If you know me very well, you know that I'm not a very good story teller. Its just a fact of my life. David will concur. Honestly, I give too many details and then I always forget the punch line. So don't say I didn't warn you.
To put this all in perspective, I have to tell you that we're studying 1 Corinthians right now. The last couple sessions have been mostly about serving God through serving others, etc. You know the drill. I've also been reading through the gospels and am struck again by Christ's ministry to the poor, sick, unlucky and generally forgotten people of society. And I've been battling feelings of guilt and asking myself what I'm really doing to minister Christ to the people around me. The list is pathetically short. So I've been actively praying that God would show me how and where I can be more of service to Him.

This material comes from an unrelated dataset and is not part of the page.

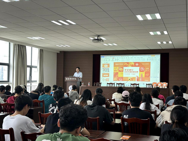 在金融行業(yè)秋季校園招聘黃金期,為精準對接畢業(yè)生就業(yè)需求,為學生搭建與企業(yè)面對面交流的平臺,近日,經濟管理學院開展金融行業(yè)宣講系列活動,先后邀請申萬宏源集團、平安銀行湖州分行、中國建設銀行湖州分行來到學院,與2026屆應屆畢業(yè)生交流金融行業(yè)從業(yè)現狀,介紹企業(yè)優(yōu)勢與應聘流程,吸引眾多學子到場聆聽。

This morning I was driving happily to work on 220 and noticed a girl walking alongside the road. I thought how chilly she must be and noticed she was carrying a couple bags. My next thought was that I should pull off and give her a ride. But then I had to get over to pass a vehicle. Then I crossed a bridge. By this time I was thinking where I should turn around and knew I'd have to go to the next exit. As I neared the exit I tried convincing myself that she'd surely be alright without my help. But it just wasn't happening- I knew from past experiences that I'd feel guilty. To me, that guilt is a sure indication of a sin.
So I pulled off, turned around and got back on, keeping my eyes pealed for her and a good place to pull off. Just as I crossed the bridge, I saw a Jeep on the side of the road and the girl getting in the passenger side. My eyes filled with tears. I'd missed out. I had heard the Holy Spirit telling me to stop. I had seen God's answer to my prayer but drove right on by. I had missed an opportunity to serve.
In the last week, I've given a lot of thought to those who Christ served and who might be the modern day equivalent. The forgotten. The ignored. The least of all. I don't know who she was or where she was going, but I know that plenty of cars passed her as she was walking. She was ignored. And if by chance she was noticed, she was just as quickly forgotten.
I passed her too. I drove right on by. But even through my guilt and shame, I see the Holy Spirit at work in my life. It was God who put me on 220 at just the right time and it was Him who gave me the eyes to notice her. So I pray that this incident is simply a stepping stone to walking impulsively in the Spirit.
How has God used you to minister and serve the overlooked in your community? Have you acted impulsively from the leading of the Spirit? What happened? Share your story. I need your encouragement today. And I promise we won't accuse you of beating your own drum. We know that we can do nothing good of our own strength. Tell your story to the glory of God!